"But, pray, why should everything be necessarily at an end?"

"For two or three reasons, Mrs. Toplady. One will suffice. After Miss Tomalin had left the room, Lady Ogram insisted on my making offer of immediate marriage to Miss Bride. Being plainly released from the other obligation, I did so—and Miss Bride gave her consent."

Mrs.
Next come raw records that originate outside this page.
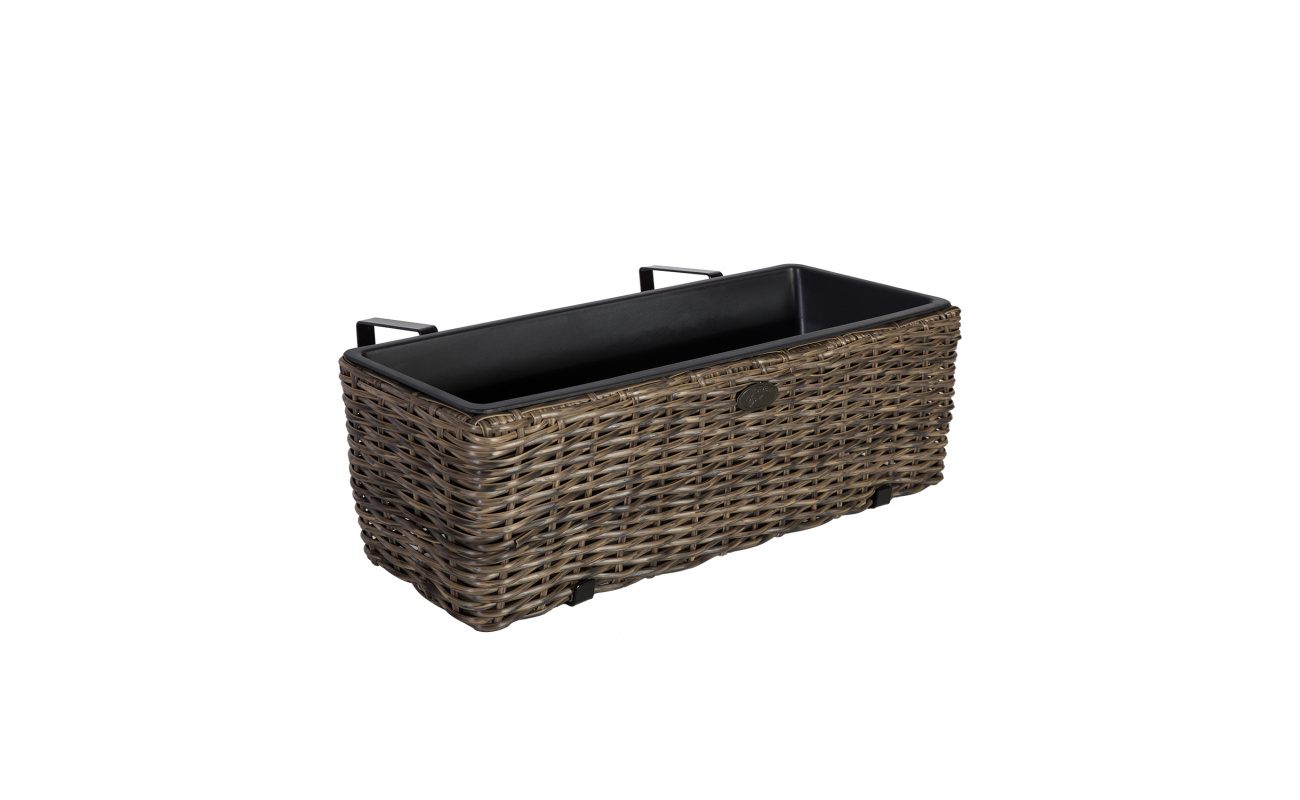 Rõdu lillekast WICKER 60x19xH18cm, hall. Lillekasti metallraam on kaetud plastikpunutisega. Plastikust sisepoti mõõdud on 56×15,5xH13cm. Sisepott on ilma auguta. Kastil on kaks metallist kinnitusklambrit. Klambri vahekaugus kasti äärest 10cm.
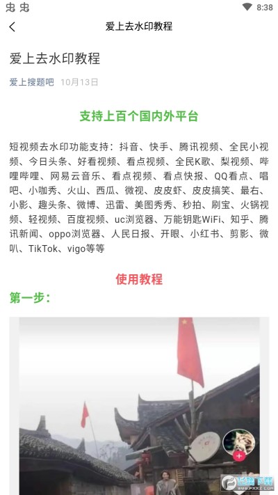 短视频去水印功能支持:抖音、快手、腾讯视频、全民小视频、今日头条、好看视频、看点视频、全民K歌、梨视频、哗哩哗哩、网易云音乐、看点视频、看点快报、QQ看点、唱吧、小咖秀、火山、西瓜、微视、皮皮虾、皮皮搞笑、最右、小影、趣头条、微博、迅雷、美图秀秀、秒拍、刷宝、火锅视频、轻视频、百度视频、uc浏览器、万能钥匙WiFi、知乎、腾讯新闻、oppo浏览器、人民日报、开眼、小红书、剪影、微叭、TikTok、vigo等等
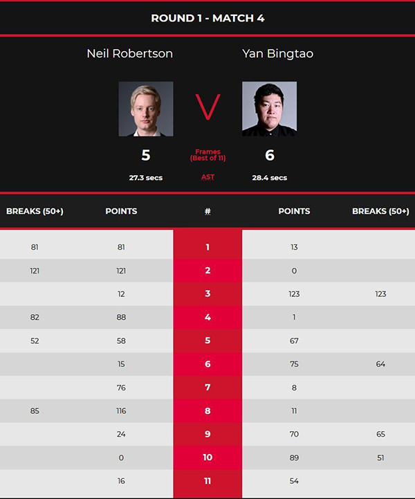 在首局比赛中,颜丙涛在拿到13分后出现失误,随后罗伯逊成功打进红球上手,他凭借单杆81分的强势表现以81:13拿下此局比赛的胜利取得1-0领先的同时更是迎来本场比赛的开门红。第二局,罗伯逊在打进红球之后就不再给对手任何的上手机会,他凭借单杆121分的表现以121:0零封对手将比分改写为2-0领先颜丙涛。第三局,罗伯逊在拿到12分后失误,颜丙涛打出单杆123分的表现以123:12拿下此局将比分改写为1-2落后罗伯逊。第四局,罗伯逊单杆82分以88:1拿下此局确定3-1领先颜丙涛。
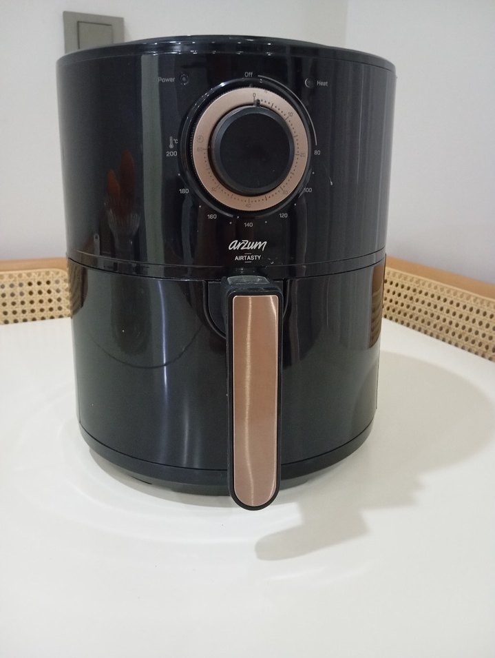 Arzum fritöz, kahverengi tutma yeri ve ayarlanabilir sıcaklık kontrolüyle koyu renk dış yüzeye sahiptir Bir kez kullanıldı
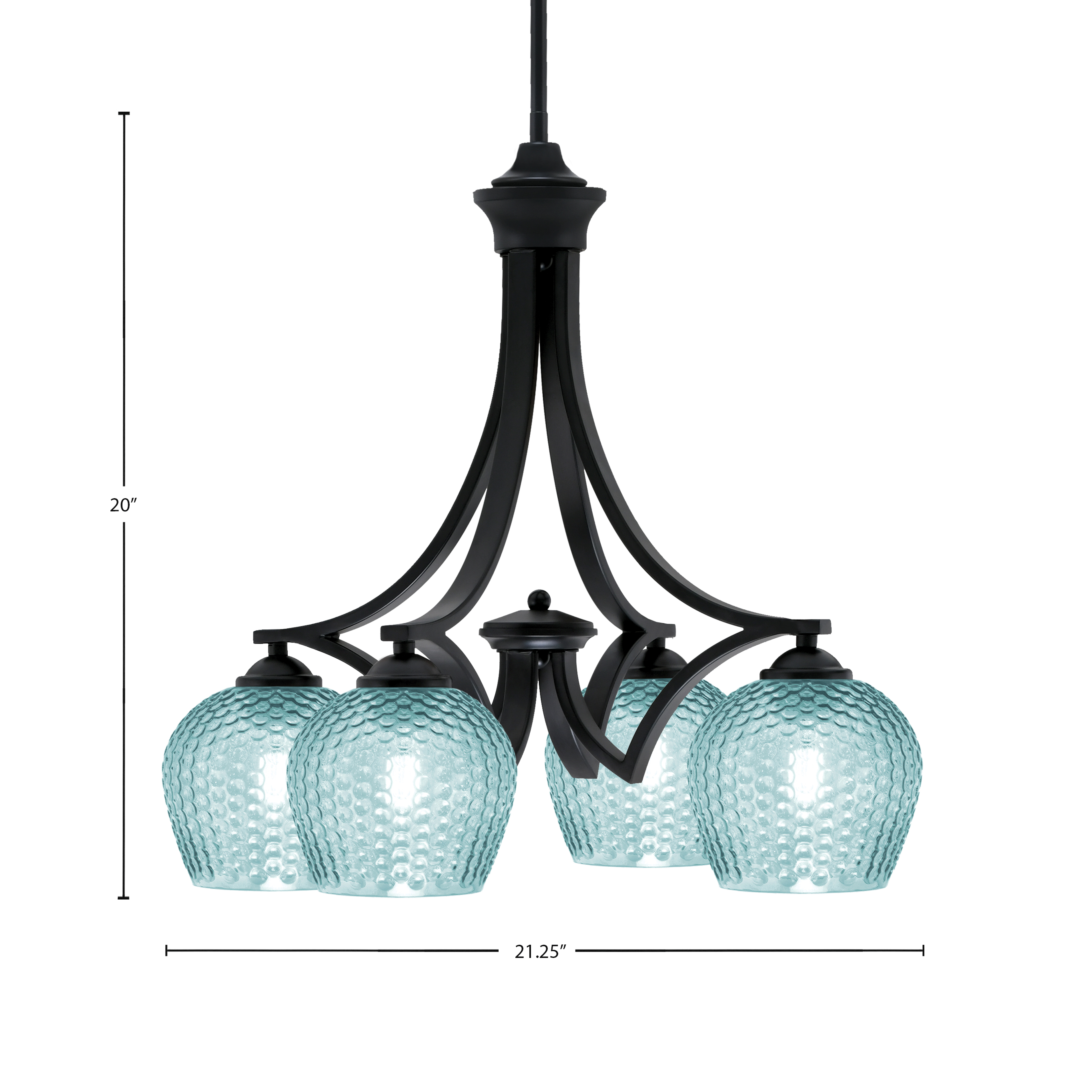Toltec Lighting 568-MB-4605 Zilo 4 Light Downlight Chandelier, Matte Black Finish, 6″ Turquoise Textured Glass
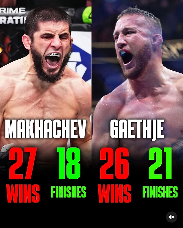 В пример Абдель-Азиз привел картинку, на которой указано, что у Ислама Махачева 27 побед (18 досрочных), а у Джастина Гейджи – 26 (21).
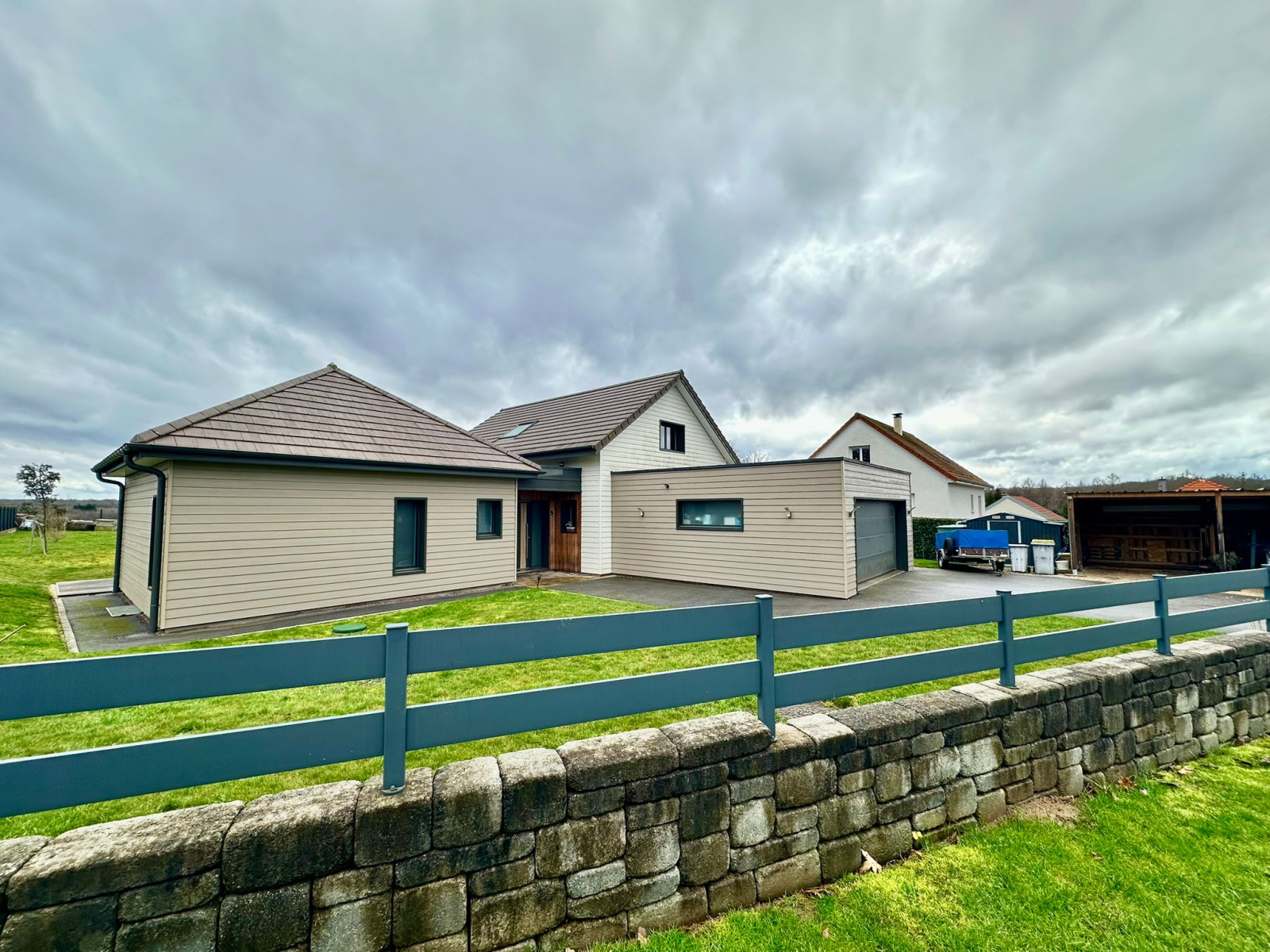 Chaufferie / buanderie (7 m2 env), garage une voiture (41 m2 env), carport 2 voitures, abri de jardin.
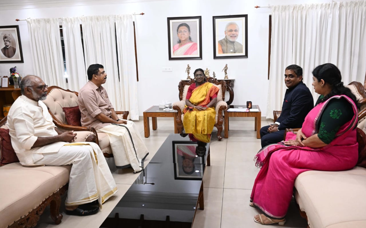 News Desk22-Oct-2025മുൻ രാഷ്ട്രപതി ഡോ. കെ ആർ നാരായണൻ ചരിത്രപുരുഷൻ: രാഷ്ട്രപതി - ഫൗണ്ടേഷൻ ചെയർമാൻ എബി ജെ ജോസ്, വൈസ് ചെയർമാൻ ഡോ സിന്ധുമോൾ ജേക്കബ്, സെക്രട്ടറി ആർ അജിരാജ കുമാർ, ലീഗൽ സെൽ അധ്യക്ഷൻ അഡ്വ ജെ ആർ പത്മകുമാർ എന്നിവരാണ് രാഷ്ട്രപതിയുമായി കൂടിക്കാഴ്ച നടത്തിയത്
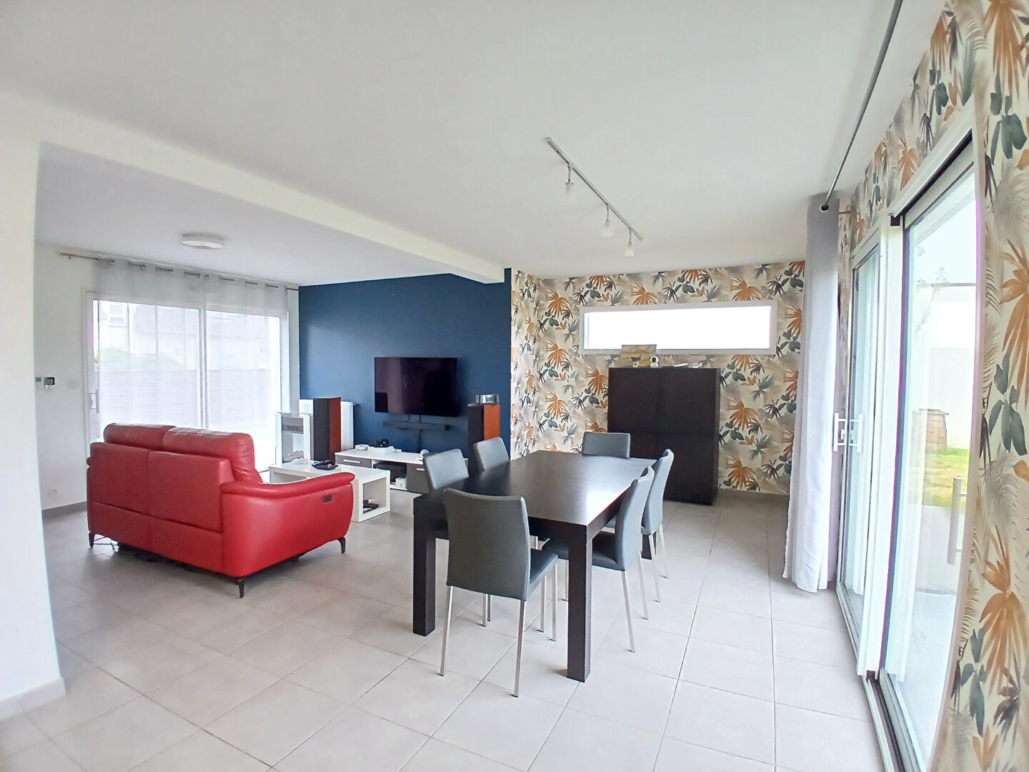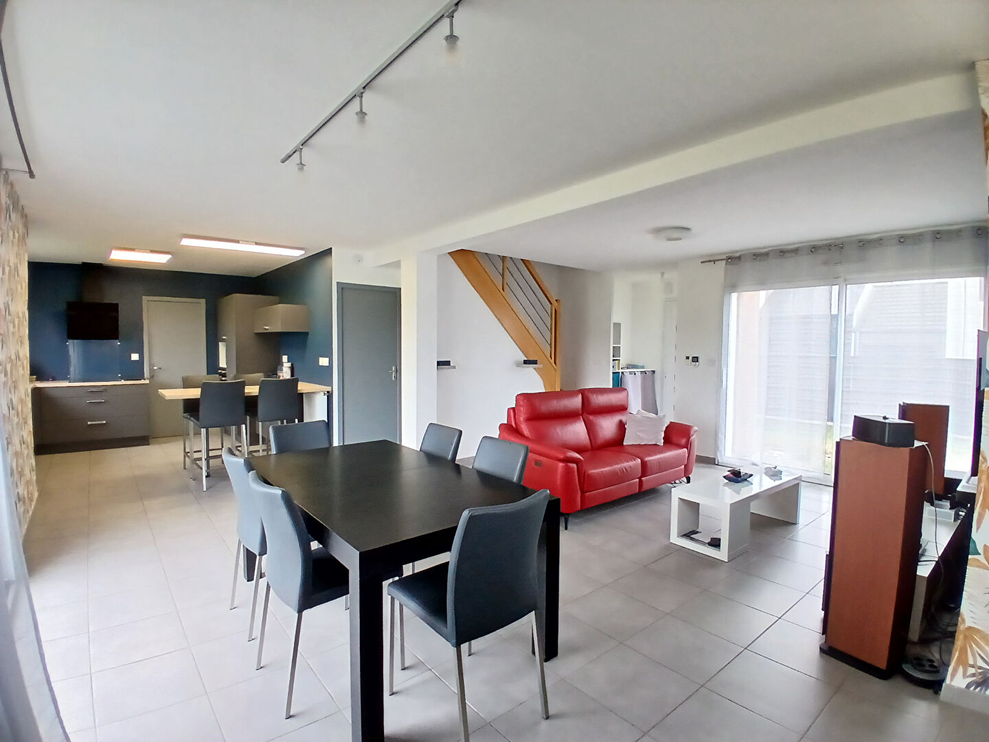 Au rez de chaussée, la pièce de vie lumineuse (triple exposition) de 46m² ouvre sur une belle terrasse avec vue sur la nature (Aucune construction à venir). La cuisine ouverte aménagée et équipée offre une espace déjeunatoire pour 4 personnes.
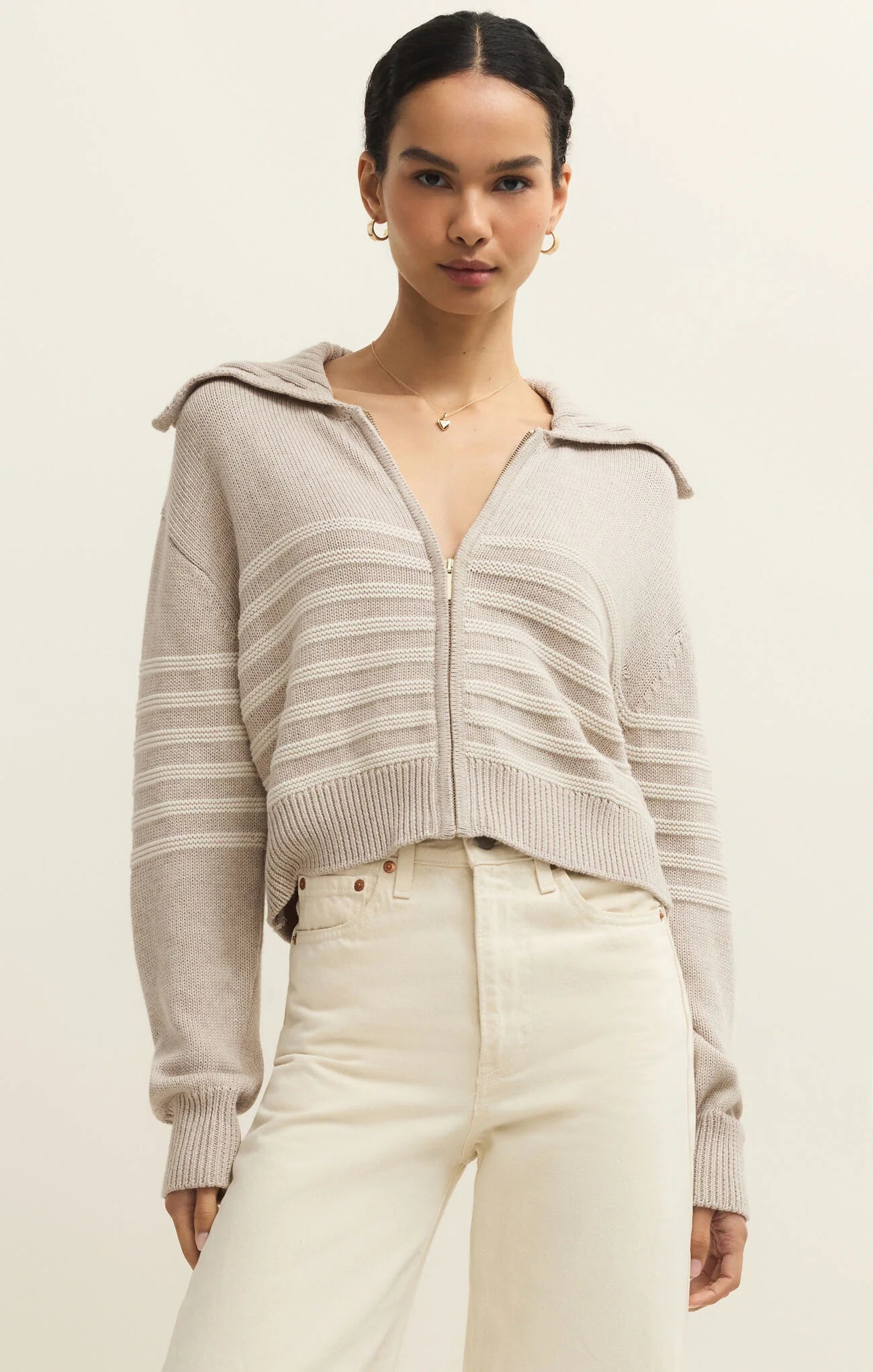 Made with our signature Sienna Yarn fabric, this 100% cotton sweater is perfect for all seasons. The stripe and large collar detail elevate this cozy top making it easy to dress up or down. Pair with light denim or even your favorite trousers.

Toplady arched her eyebrows, and rippled a pleasant laugh.

"Ah! That, of course, May could not know. I may presume that, this time, the engagement is serious?"

"Undoubtedly," Lashmar replied, grave yet bland.

"Then I can only ask you to pardon my interference."

"Not at all. You have shown great kindness, and, under other circumstances, we should not have differed for a moment as to the course it behooved me to follow."

Dyce had never heard himself speak so magnanimously; he smiled with pleasure, and continued in a peculiarly suave voice.

"I am sure Miss Tomalin will find in you a steadfast friend."

"I shall do what I can for her, of course," was the rather dry answer. "At the same time, I hold to my view of Miss Bride's responsibility. The girl has really nothing to live upon; a miserable hundred a year; all very well when she belonged to the family at Northampton, but useless now she is adrift. To tell you the truth, I shall wait with no little curiosity for Miss Bride's—and your—decision."